TASK ITEM: An exact copy of all the data is needed, with every picture left out.

EXTRACTED ENTRIES below:

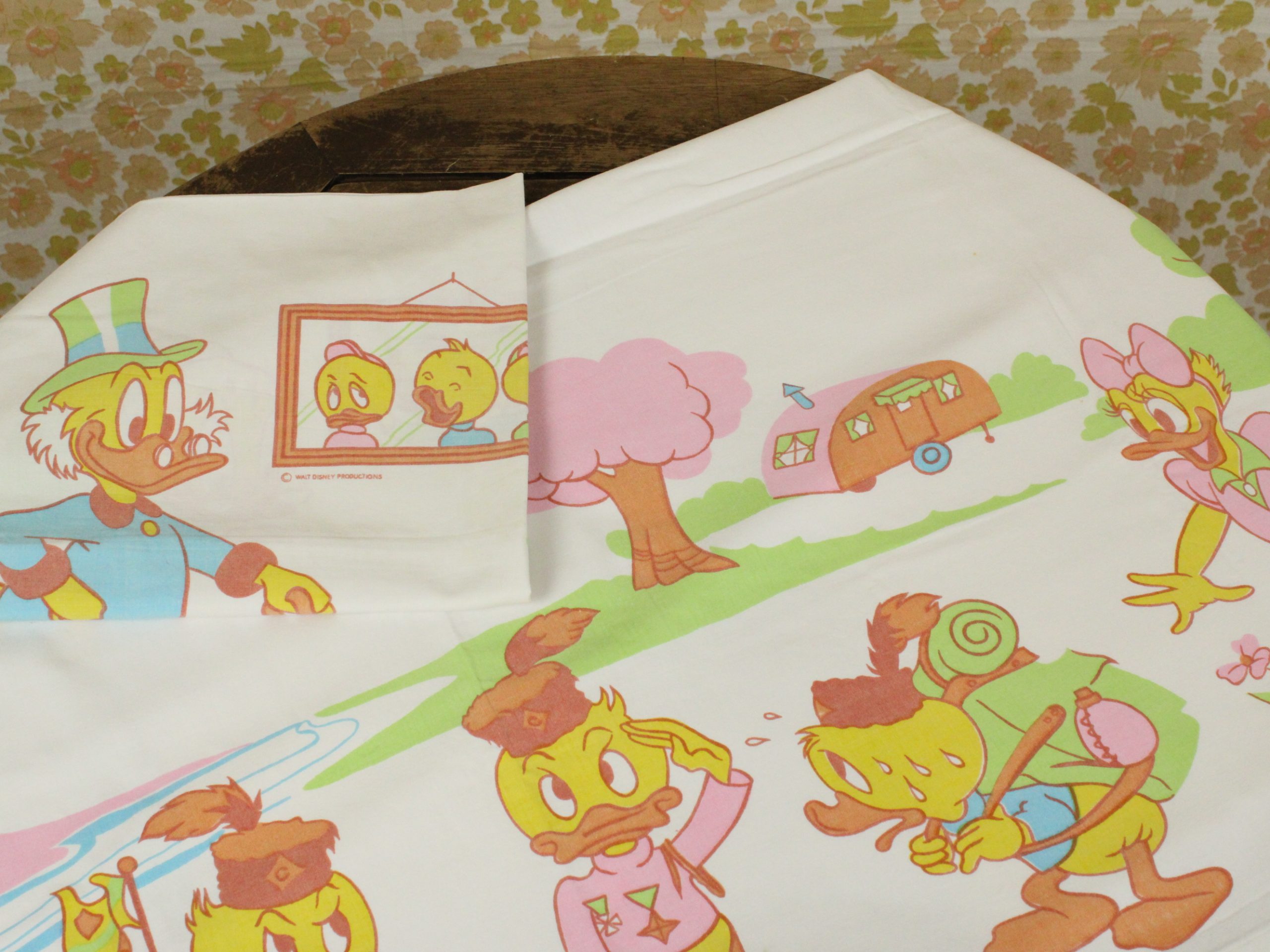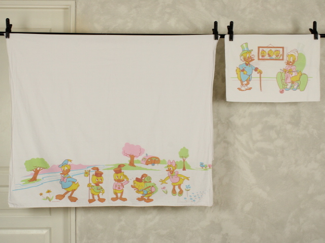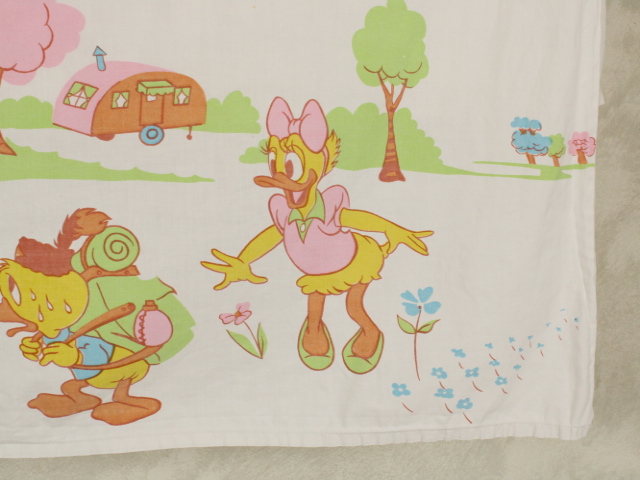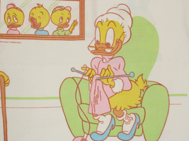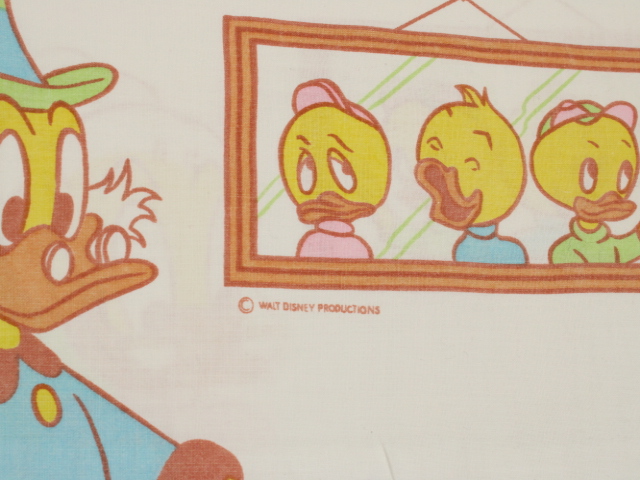 WALT DISNEY PRODUCTIONS、ダックファミリー、キャラクタービンテージシーツ。
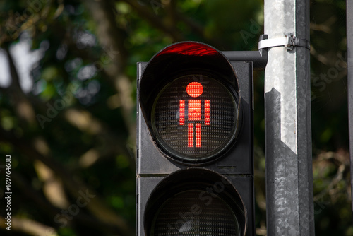 Czerwone światło dla pieszych na sygnalizacji świetlnej
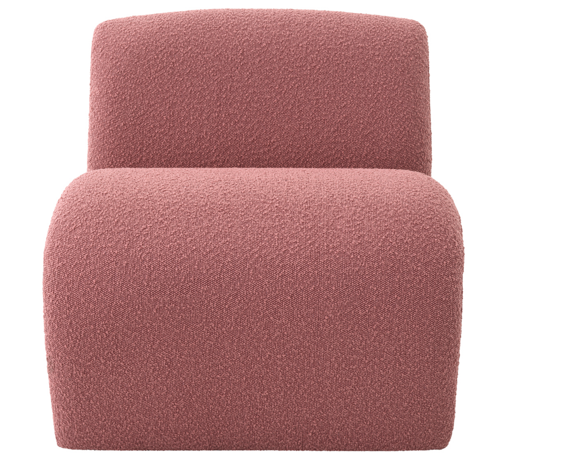 El sillón de Vignola está cubierto de tela de bouclé rosa duradera y le da a su espacio vital una sensación de sofisticación. Sumérgete profundamente en la Vignola y siéntete abrazado por su respaldo. La estética moderna de la Vignola refleja una sensación de simplicidad y elegancia, y su diseño contemporáneo único permite un aspecto atemporal para los próximos años.
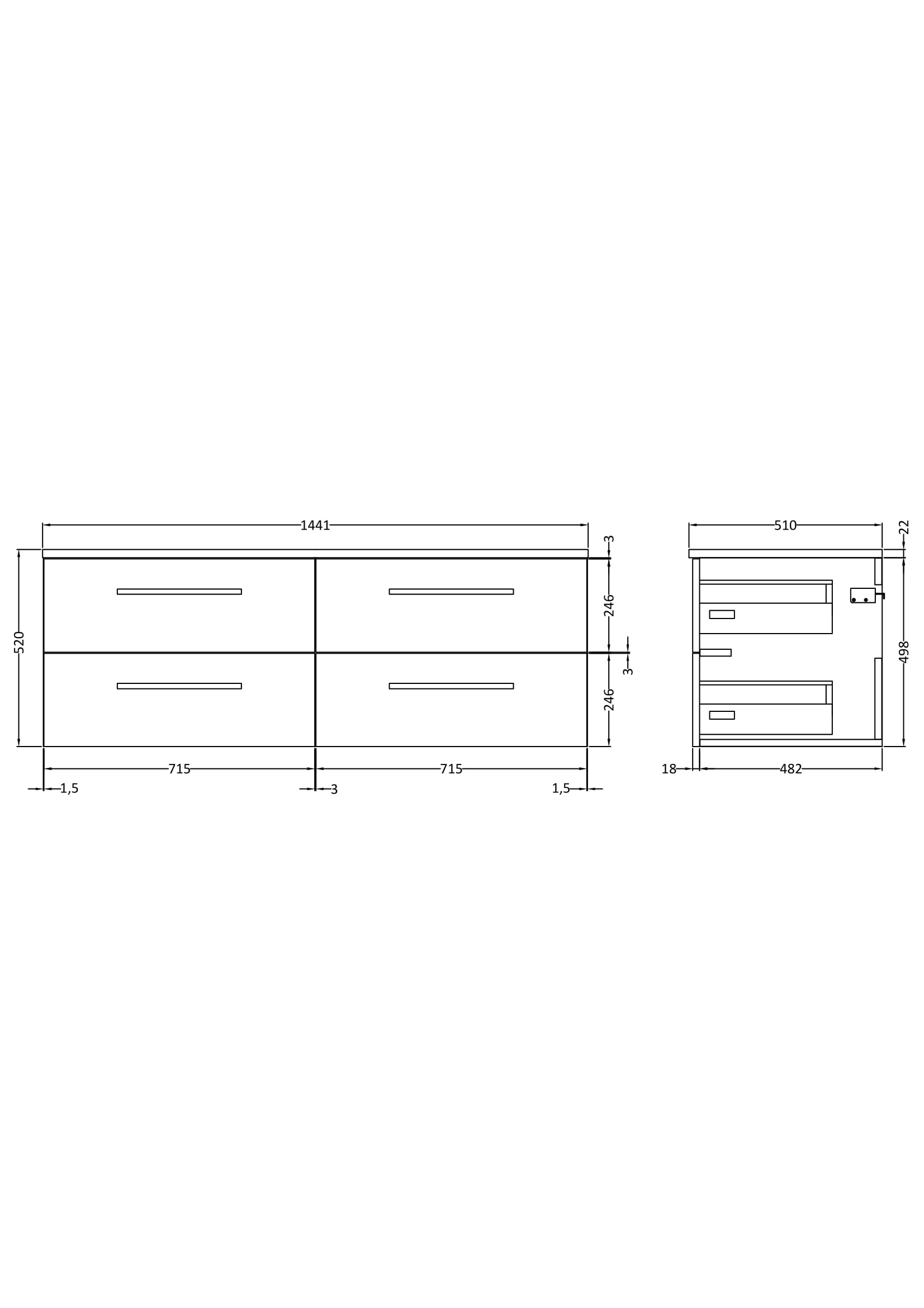 Hudson Reed Quartet 1440mm Wall Hung 4 Drawer Cabinet With Laminate Worktop
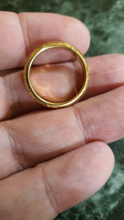 Очень красивое колечко с позолотой и алмазной гранью. Кольцо хорошо сверкает. Оно довольно толстенькое но не широкое. В целом рекомендую.
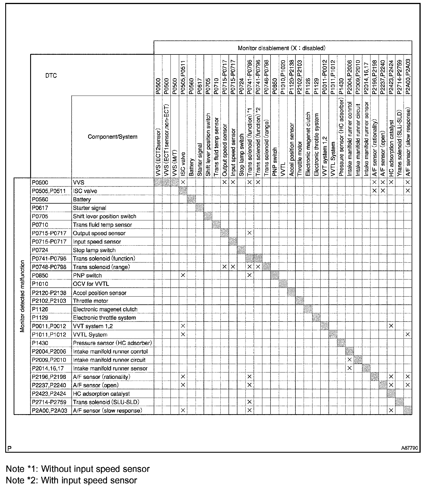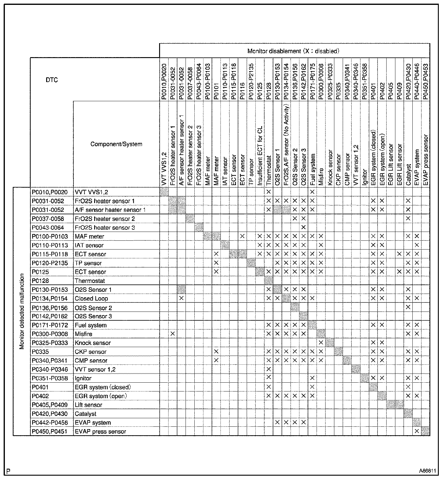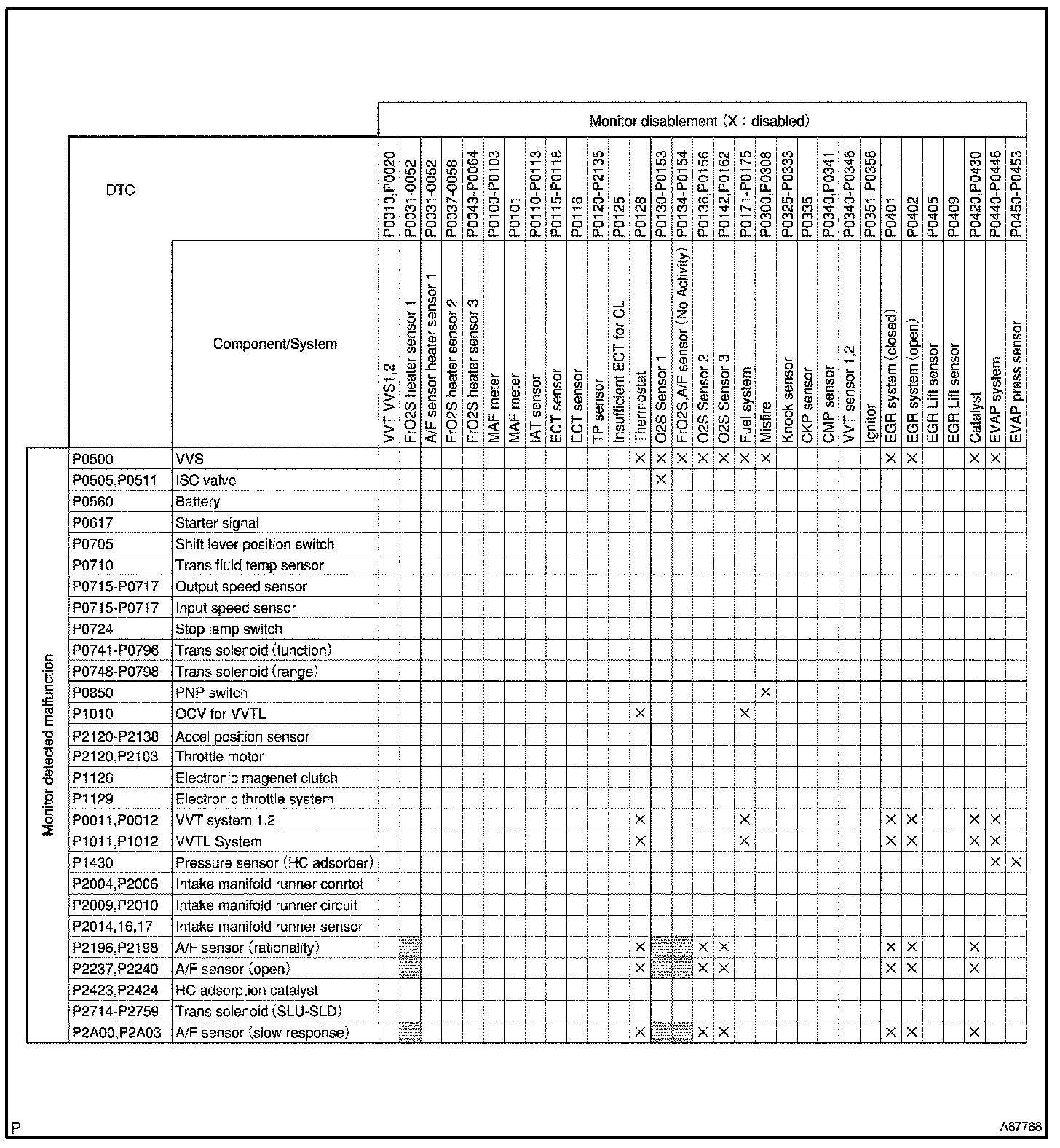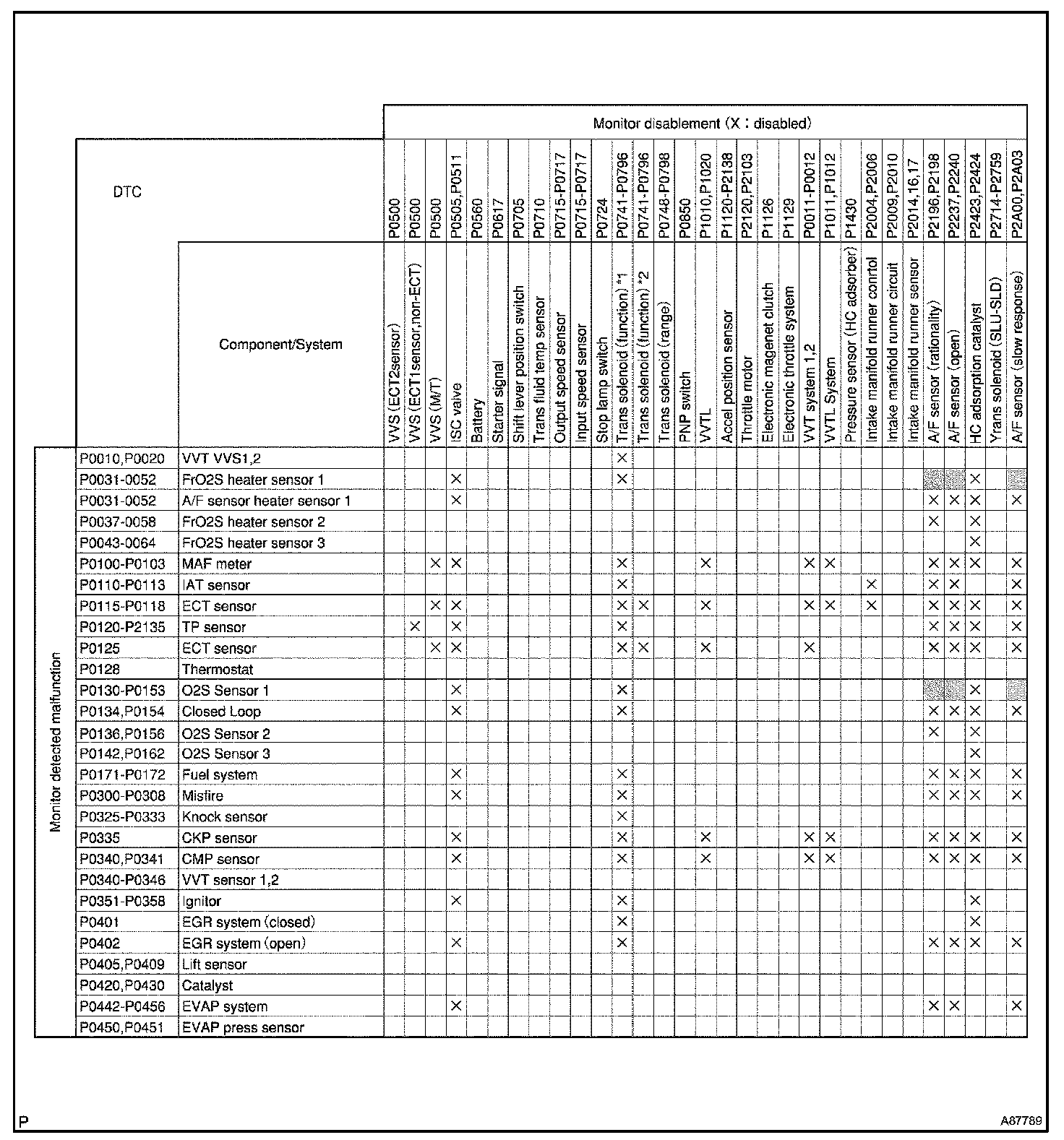 The table shows the ECM monitoring status for the components listed in the top of the table when the DTCs on the left of the table are set.

End of EXTRACTED ENTRIES.

REPLY TO THE EXERCISE:
 WALT DISNEY PRODUCTIONS、ダックファミリー、キャラクタービンテージシーツ。
 Czerwone światło dla pieszych na sygnalizacji świetlnej
 El sillón de Vignola está cubierto de tela de bouclé rosa duradera y le da a su espacio vital una sensación de sofisticación. Sumérgete profundamente en la Vignola y siéntete abrazado por su respaldo. La estética moderna de la Vignola refleja una sensación de simplicidad y elegancia, y su diseño contemporáneo único permite un aspecto atemporal para los próximos años.
 Hudson Reed Quartet 1440mm Wall Hung 4 Drawer Cabinet With Laminate Worktop
 Очень красивое колечко с позолотой и алмазной гранью. Кольцо хорошо сверкает. Оно довольно толстенькое но не широкое. В целом рекомендую.
 The table shows the ECM monitoring status for the components listed in the top of the table when the DTCs on the left of the table are set.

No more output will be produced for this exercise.